Karena itu, kita membutuhkan model zakat yang dapat membawa mustahik menuju kemandirian. Model tersebut adalah *zakat produktif*, yaitu zakat yang digunakan sebagai modal usaha, alat produksi, atau sarana pemberdayaan ekonomi.

Untuk memastikan zakat produktif tetap sejalan dengan syariah, kita perlu kembali kepada dasar fikih zakat dan prinsip tamlik (kepemilikan muzakki/mustahik).

Dalam fikih klasik, zakat wajib disalurkan kepada asnaf yang berhak. Setelah diserahkan, harta zakat menjadi milik penuh mustahik. Prinsip ini dikenal sebagai Tamlik Ma'nawi (kepemilikan manfaat) atau Kepemilikan Alat Produksi.
Artinya, mustahik menerima hak kepemilikan atas hasil dari usaha/modal, atau kepemilikan penuh atas alat produksi (mesin, ternak, bibit), yang diharapkan mengubah statusnya dari penerima menjadi pemberi zakat.

Namun, modal usaha atau alat produksi bukanlah “konsumsi” langsung melainkan aset produktif.

Baca juga :  IKB PPSP IKIP UP Gelar Tabliqh Akbar Dzulhyjah: Momen Spiritual  Memperkuat Iman dan Ukhuwah

Maka muncul pertanyaan: apakah tetap sah jika zakat diberikan dalam bentuk modal usaha dan disertai pendampingan dalam pengelolaan usaha?

Pemikiran ulama kontemporer seperti Yusuf al-Qardhawi menegaskan bahwa zakat boleh dialihkan dalam bentuk pemberdayaan ekonomi. Dalam tulisan “Zakat Produktif Pendayagunaan Zakat untuk Pemberdayaan Ekonomi Umat” disebutkan bahwa zakat produktif memungkinkan mustahik mengelola modal sehingga “harta tersebut dimanfaatkan sebagai modal untuk meningkatkan taraf ekonomi mustahik” (Jurnal STAI Al Hidayah Bogor).

Lebih jauh, penelitian-penelitian kontemporer menunjukkan bahwa zakat produktif dapat meningkatkan kualitas hidup mustahik asalkan dikelola secara adil, transparan, dan tetap berpegang pada prinsip syariah (E-Journal Universitas Darussalam Gontor).

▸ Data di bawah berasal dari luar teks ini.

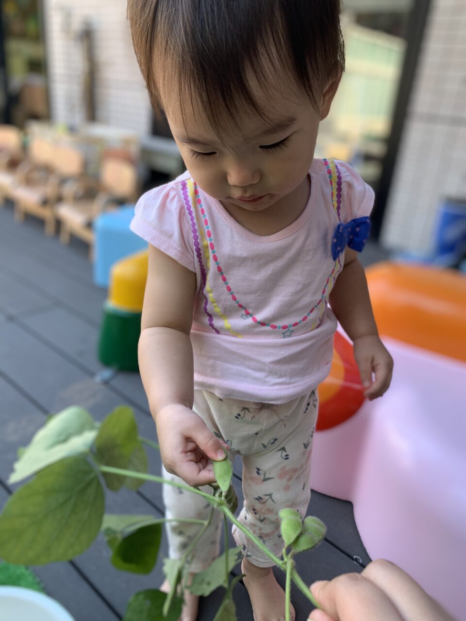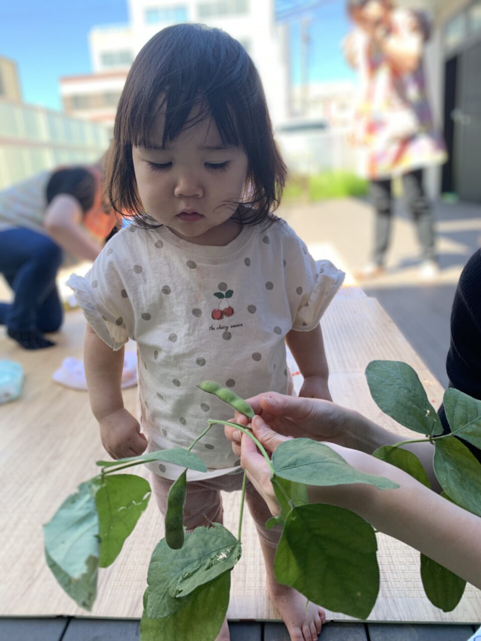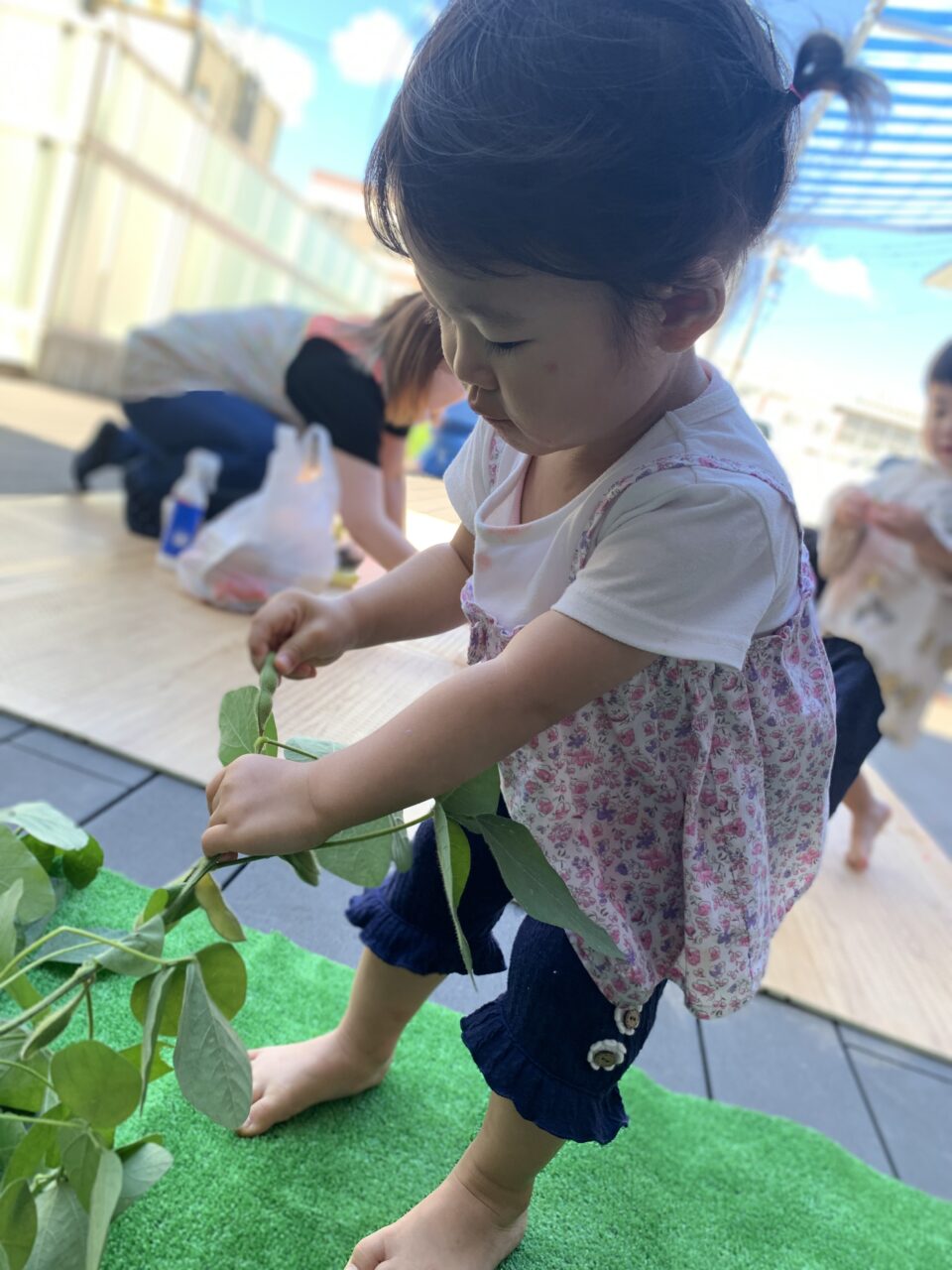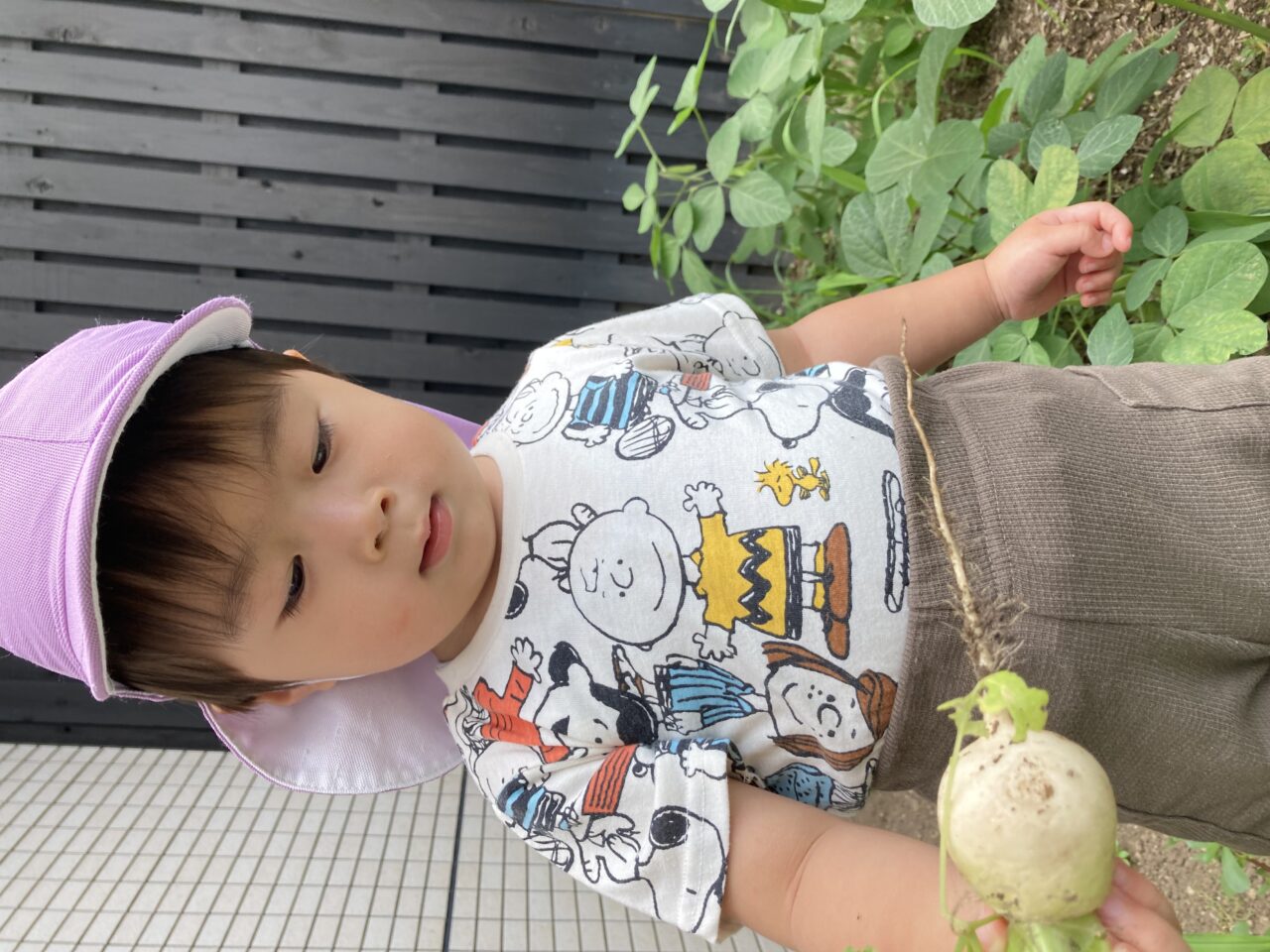 春にみんなで種を植えたカブと枝豆が大きくなったので収穫しました??
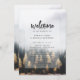 Rustic Mountain Pine Trees Fall Forest Design with soft fading photography image. A rustic outdoor landscape scene for an adventurous lodge, mountain, retreat wedding, in dark green, greys, gold and white. - Wedding Ceremony Program!
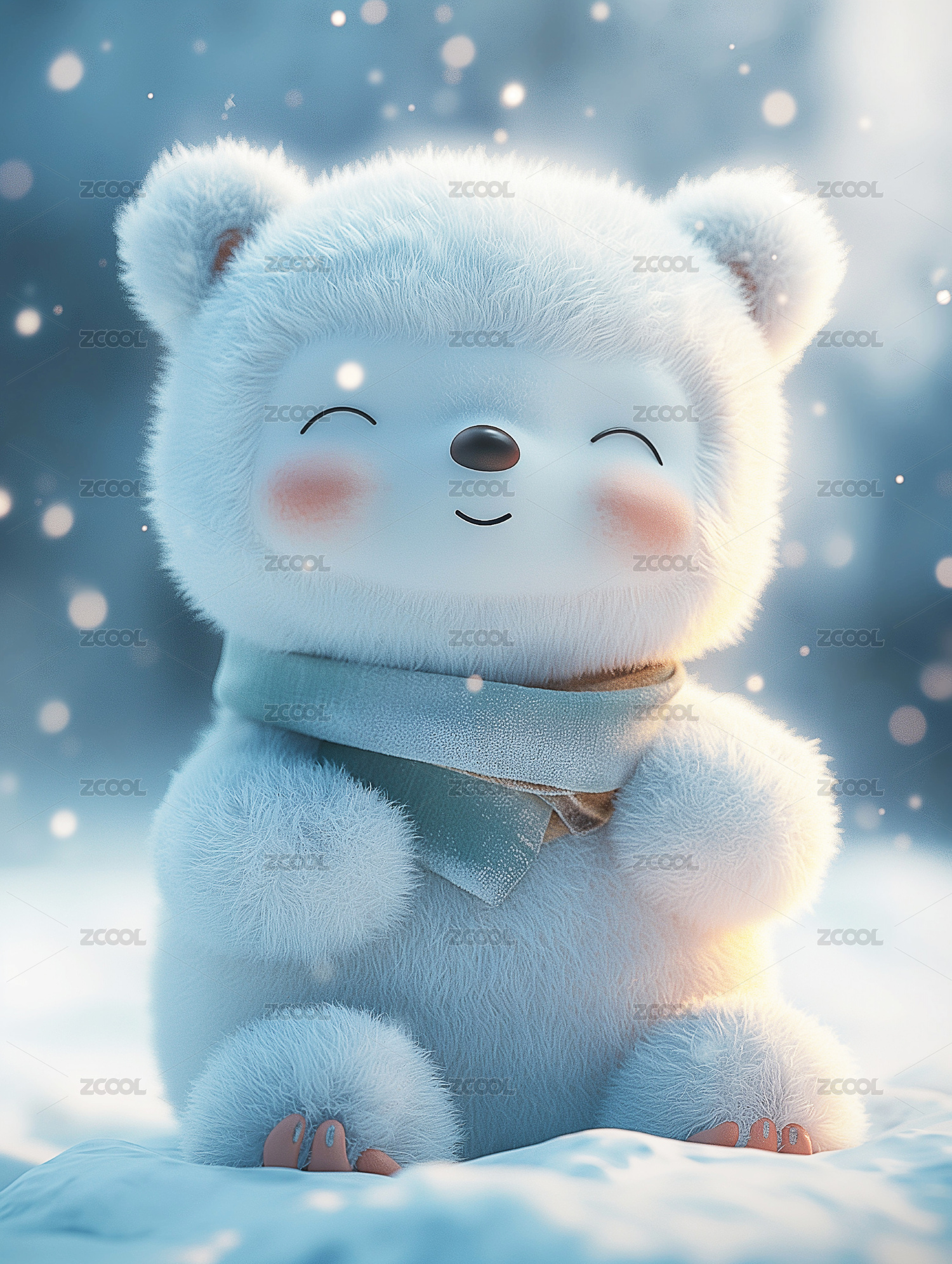 3D戴着围巾的北极熊卡通形象
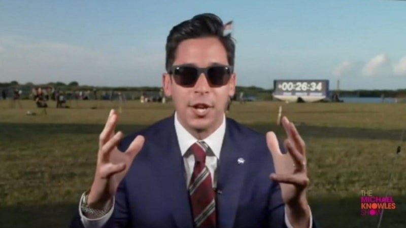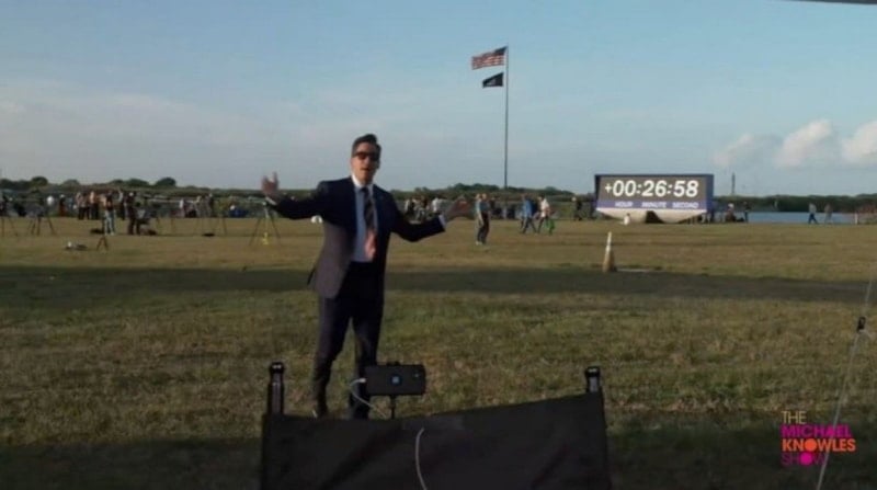 Muhafazakâr podcast sunucusu Michael Knowles, Artemis II fırlatmasının gerçek olduğunu göstermek için canlı yayında çimlere dokunup zıpladı.
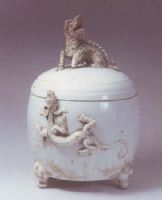 說(shuō) 明: 胎體厚重,通體施釉,色白釉厚.形制特殊,雕塑螭獸雄威,栩栩如生.
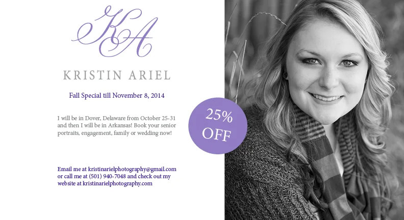 Since I will be graduating soon I wanted to post my first sale! Dover friends I'll be in the area from October 26-31 for pictures and then I'll be in Arkansas! Book now to get this special it won't last long and the first 10 (5 from Delaware and 5 from Arkansas) will get an extra special! It won't last long but it's a good way to get those fall and Christmas pictures done! Email me at kristinarielphotography@gmail.com or call me at 501-940-7048 to book your session now!
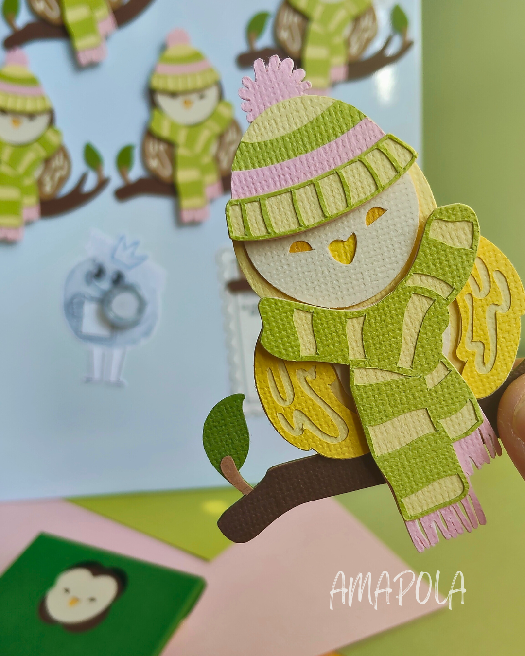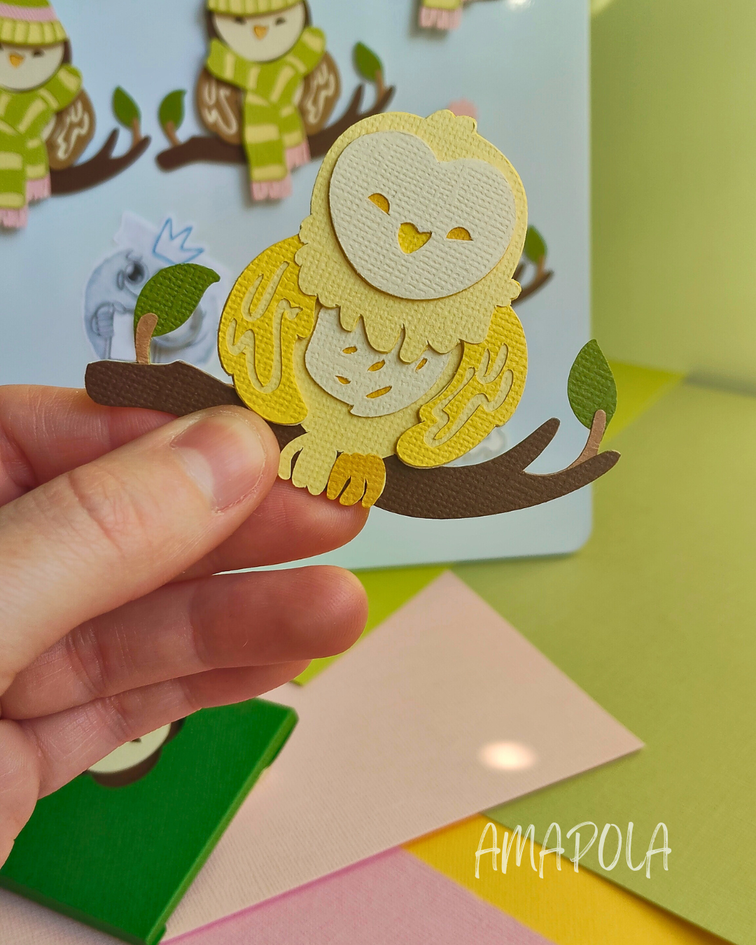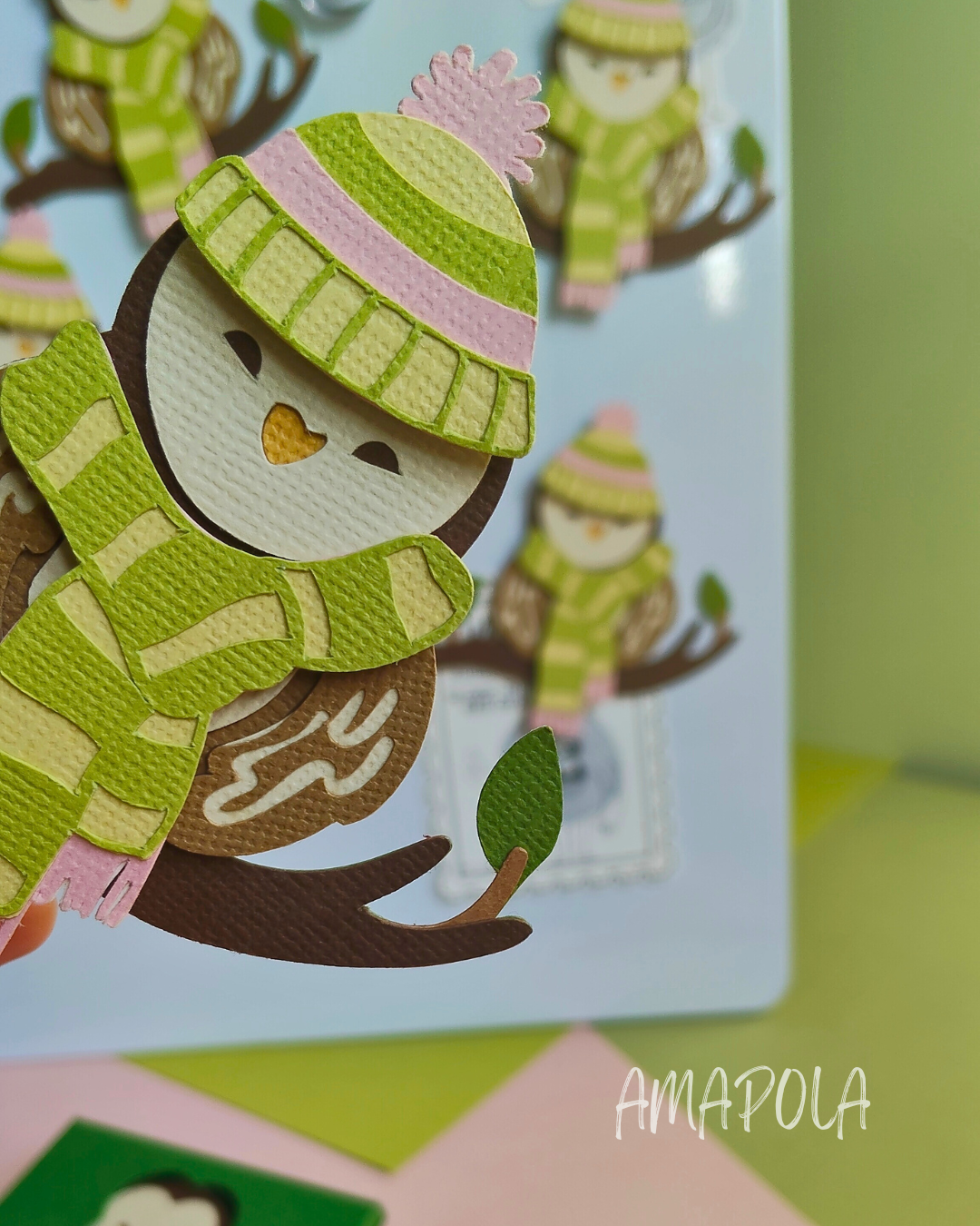Cette chouette est composée de 14 couches de papier découpé et assemblé à la main pour un joli relief. En plus, tu peux personnaliser ta chouette avec un bonnet (7 couches) et une écharpe (4 couches), tous deux aimantés, que tu peux fixer facilement sur ta chouette pour lui donner encore plus de style !

Baru-baru ini, hadir regulasi nasional yang memperkuat praktik tersebut secara resmi. Kementerian Agama Republik Indonesia (Kemenag) menerbitkan PMA 16 Tahun 2025, sebuah regulasi yang memungkinkan dana zakat dikelola dalam bentuk usaha produktif.

Ini bukan sekadar perubahan administratif, melainkan pembuka jalan bagi zakat agar dapat “bekerja” dan memberikan dampak nyata, berupa modal usaha, alat produksi, pelatihan, hingga pendampingan bagi mustahik (lampung.baznas.go.id).

PMA 16/2025 yang ditetapkan pada 14 Oktober 2025 dan berlaku mulai 16 Oktober 2025, mengatur bahwa zakat dapat digunakan untuk usaha produktif dengan syarat bahwa kebutuhan dasar mustahik (pangan, sandang, papan, pendidikan, kesehatan) telah terpenuhi. Artinya, pemanfaatan zakat produktif tidak boleh mengabaikan kebutuhan primer mustahik.

Bentuk usaha produktif yang diperbolehkan antara lain:
• pemberian modal usaha
• fasilitasi sarana produksi
• pengembangan jejaring usaha
• peningkatan kualitas produksi
• pelatihan, bimbingan teknis, serta akses pendidikan/beasiswa bagi fakir dan miskin.

Regulasi ini mewajibkan setiap lembaga zakat menjalankan empat tahap pendayagunaan yaitu perencanaan, pelaksanaan, pengendalian dan pelaporan. Pelaporan berkala (setiap 6 bulan dan akhir tahun) disyaratkan agar penggunaan zakat transparan dan akuntabel.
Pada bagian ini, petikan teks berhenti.